Open-Sourcing Sftp Throughput Improvements in Alpakka

Conor Griffin
Mar 4 · 7 min read
Photo by Khamkéo Vilaysing on Unsplash

The number of open source libraries I have used is impossible to count and there’s hardly a month goes by without finding a new way to use one or a new one to use. There are so many widely used and hugely useful libraries in the Java ecosystem that we often take them for granted but there is a community of people who dedicate their free time (or in many cases, all their time) to enhancing and fixing these libraries so that we all benefit. Contributing back to open source can become complicated when you work as a Software Engineer due to issues around intellectual property or possible unintended exposure of credentials or other sensitive data. While researching solutions to a problem at work I found a bottleneck in Alpakka’s SFTP connector and took the opportunity to open-source a solution to the problem. This was my first time contributing back to the open source community that I have gained so much from and I really enjoyed the experience. In this post I’ll go into the technical details of the issue at hand, how I improved Alpakka to get around the issue and how easy the process of contributing my changes back to the Alpakka project was.

Identifying a problem

I was looking at ways we could use streaming when fetching files via SFTP. At Workday we run many thousands of these jobs each day and the general pattern is to download the data from the remote SFTP server, encrypt and compress it on the fly, then forward the downloaded files to an internal object storage service akin to S3 or to an internal HDFS system. These files are then further processed by integrations or other services. With the ever-growing amount of data that our customers process we have seen the volumes of data transferred for these jobs grow substantially over time.
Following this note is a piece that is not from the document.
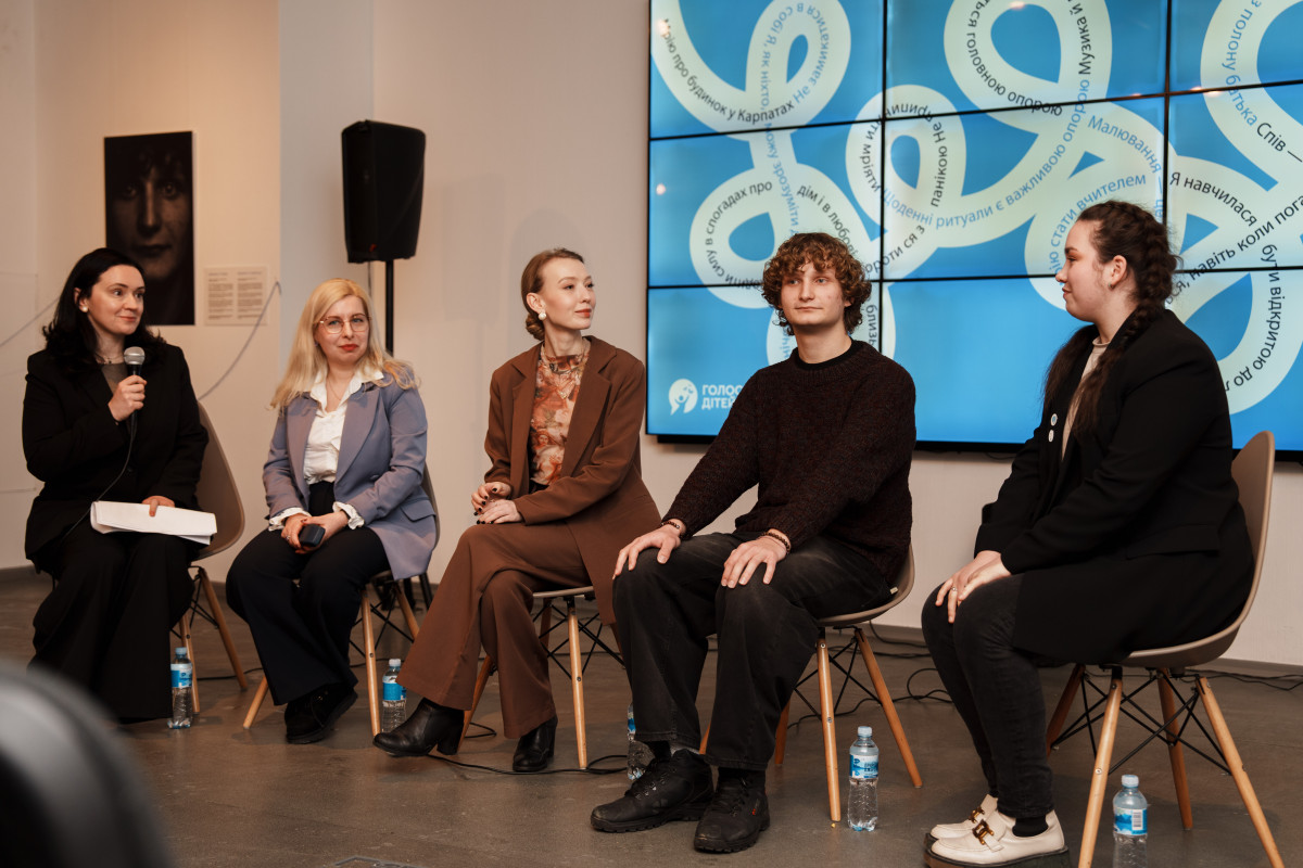 У межах презентації відбулася панельна дискусія «Трансформація замість зламаності» за участі дітей проєкту, юристки Регіонального центру прав людини Катерини Рашевської, психологині фонду Софії Стеценко та співзасновниці «Голосів дітей» Олени Розвадовської.

In order to stay on top of our customers requirements we continually evaluate the performance and resiliency of our services and look for opportunities to improve them. It was one such effort recently that prompted my research of the benefits of using a streaming approach.
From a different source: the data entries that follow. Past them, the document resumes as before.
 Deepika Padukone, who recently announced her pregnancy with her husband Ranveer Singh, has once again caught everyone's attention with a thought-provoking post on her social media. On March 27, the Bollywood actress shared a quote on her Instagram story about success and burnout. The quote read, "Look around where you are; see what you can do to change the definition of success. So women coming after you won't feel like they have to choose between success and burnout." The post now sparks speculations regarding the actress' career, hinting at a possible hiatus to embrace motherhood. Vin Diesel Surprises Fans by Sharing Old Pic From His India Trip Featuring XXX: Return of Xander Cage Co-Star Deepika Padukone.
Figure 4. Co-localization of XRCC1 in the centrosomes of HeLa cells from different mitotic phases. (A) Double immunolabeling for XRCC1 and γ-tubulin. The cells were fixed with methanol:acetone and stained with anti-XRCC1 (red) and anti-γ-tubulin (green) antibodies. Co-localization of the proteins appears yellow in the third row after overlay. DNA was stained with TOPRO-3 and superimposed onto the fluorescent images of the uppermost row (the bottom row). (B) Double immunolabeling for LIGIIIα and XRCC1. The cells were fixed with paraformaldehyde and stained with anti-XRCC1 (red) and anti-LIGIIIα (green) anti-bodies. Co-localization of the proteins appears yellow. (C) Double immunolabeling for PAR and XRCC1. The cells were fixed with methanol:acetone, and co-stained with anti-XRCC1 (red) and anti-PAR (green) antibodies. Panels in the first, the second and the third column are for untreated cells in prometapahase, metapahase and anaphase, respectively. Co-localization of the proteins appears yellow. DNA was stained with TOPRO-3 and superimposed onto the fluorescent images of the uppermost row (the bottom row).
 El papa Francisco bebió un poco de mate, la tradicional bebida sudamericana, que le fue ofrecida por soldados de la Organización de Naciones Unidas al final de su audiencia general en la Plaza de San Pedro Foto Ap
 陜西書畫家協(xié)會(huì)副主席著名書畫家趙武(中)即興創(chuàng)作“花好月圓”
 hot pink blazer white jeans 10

I was experimenting with Alpakka which declares itself as “an open source initiative to implement stream-aware, reactive, integration pipelines for Java and Scala”. Alpakka offers an FTP connector which also handles SFTP. During my testing I found the SFTP streaming to be incredibly slow, substantially slower than the command-line tool sftp. When I looked at the internals to figure out what was happening I discovered that Alpakka uses SSHJ as the SFTP client, so I set up a simple SFTP transfer using SSHJ to see if the problem was in that library. However, I found that SSHJ was faster than when I used Alpakka. So there must be a bottleneck somewhere in Alpakka or how it was using SSHJ. So I set about investigating why it was slow and how I could improve it.

What can make SFTP slow?

SFTP stands for SSH File Transfer Protocol and it’s a protocol for sending/receiving binary packets over a secure channel provided by SSH. SFTP does not operate on whole files (like FTP/FTPS) but rather on file handles and offsets. So when you want to download a file for example, the SFTP client will do this by requesting a chunk of that file at a given offset, then the next chunk and so on until it has the whole file. Under the covers, some clients need each chunk to be returned before it requests the next one, serially requesting every chunk until the whole file is retrieved. If there is close to zero latency between client and server then this may give you acceptable performance, however as latency increases, there is a delay equivalent to the round-trip-time between the client and the server between each read request. As a result of this one-packet-at-a-time approach, clients can experience significant slowdowns when latency increases. To mitigate this some clients offer a ‘pipe-lining’ feature (it may be called something else depending on the client) where more than one read request will be sent by the client without requiring an acknowledgement of the previous read request first. This allows more than one in-flight read request and therefore reduces the impact of latency on the throughput possible.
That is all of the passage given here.